Dalam teori urban dan sosial, Jane Jacobs (1961) dalam bukunya _The Death and Life of Great American Cities_ menekankan pentingnya ruang publik dalam membangun kohesi sosial dan peradaban kota. Tanpa ruang bersama, masyarakat akan hidup dalam isolasi dan kehilangan identitas kolektif. Kubu Raya berhasil menempatkan pembangunan fisik sebagai medium memperkuat solidaritas sosial dan kebanggaan budaya lokal.

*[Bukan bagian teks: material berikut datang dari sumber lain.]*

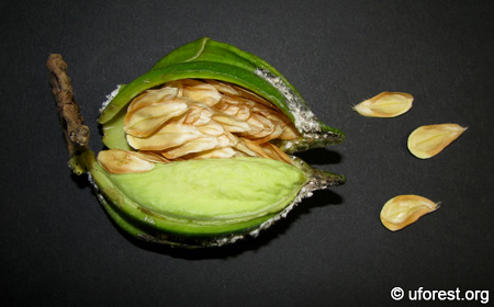 Fruit split to disperse flattened seeds.

Kebijakan di bidang pendidikan dan kesehatan juga menjadi perhatian utama. Pemerintah daerah Kabupaten Kubu Raya secara bantuan operasional pendidikan bahkan di tingkat pendidikan swasta dan memperbaiki fasilitas pendidikan di pelosok. Pada bidang kesehatan, peningkatan fasilitas puskesmas, pelayanan kesehatan gratis, dan program penyuluhan kesehatan masyarakat menjadi agenda rutin.
Menurut Gary Becker dalam konsep _human capital theory,_ pendidikan dan kesehatan merupakan investasi jangka panjang yang berdampak langsung pada peningkatan produktivitas dan kualitas hidup masyarakat.
Dengan memperkuat dua pilar ini, Sujiwo–Sukiryanto tidak hanya membangun untuk hari ini, tetapi mempersiapkan fondasi untuk masa depan Kubu Raya sesuai dengan jargonnya “Melaju” melayani dan maju.
Partisipasi Publik dan Kepemimpinan Kolaboratif
Salah satu kekuatan utama dari pasangan ini adalah kemampuannya membangun tata kelola yang partisipatif. Melalui musrenbang terbuka, forum warga, serta dialog sosial dengan gerakan responsif atas segala masukan masyarakat di media sosialnya. Semua kondisi yang berkaitan dengan kebutuhan masyarakat yang luput dari pantauan langsung dilakukan.
Mereka melibatkan masyarakat dalam proses perencanaan dan pengawasan pembangunan. Ini sejalan dengan teori partisipatif menurut Sherry Arnstein (1969) dalam _A Ladder of Citizen Participation,_ yang menyatakan bahwa keterlibatan masyarakat dalam pemerintahan harus naik dari simbolis menjadi substansial.
Dengan melibatkan tokoh adat, tokoh agama, pemuda, dan perempuan dalam diskusi kebijakan, Sujiwo–Sukiryanto menunjukkan kepemimpinan kolaboratif yang mampu membangun rasa memiliki dan tanggung jawab bersama atas arah pembangunan Kubu Raya.
Keberhasilan kepemimpinan Sujiwo–Sukiryanto dalam kurun waktu 100 Hari kerjanya di Kabupaten Kubu Raya memberikan harapan besar bagi masyarakat dalam 1 periode ke depan untuk terus membawa perubahan signifikan dalam tata kelola pemerintahan khususnya dalam memberikan pelayanan publik yang baik untuk membawa Kubu Raya menjadi kabupaten yang bagus pelayanannya dan maju daerahnya.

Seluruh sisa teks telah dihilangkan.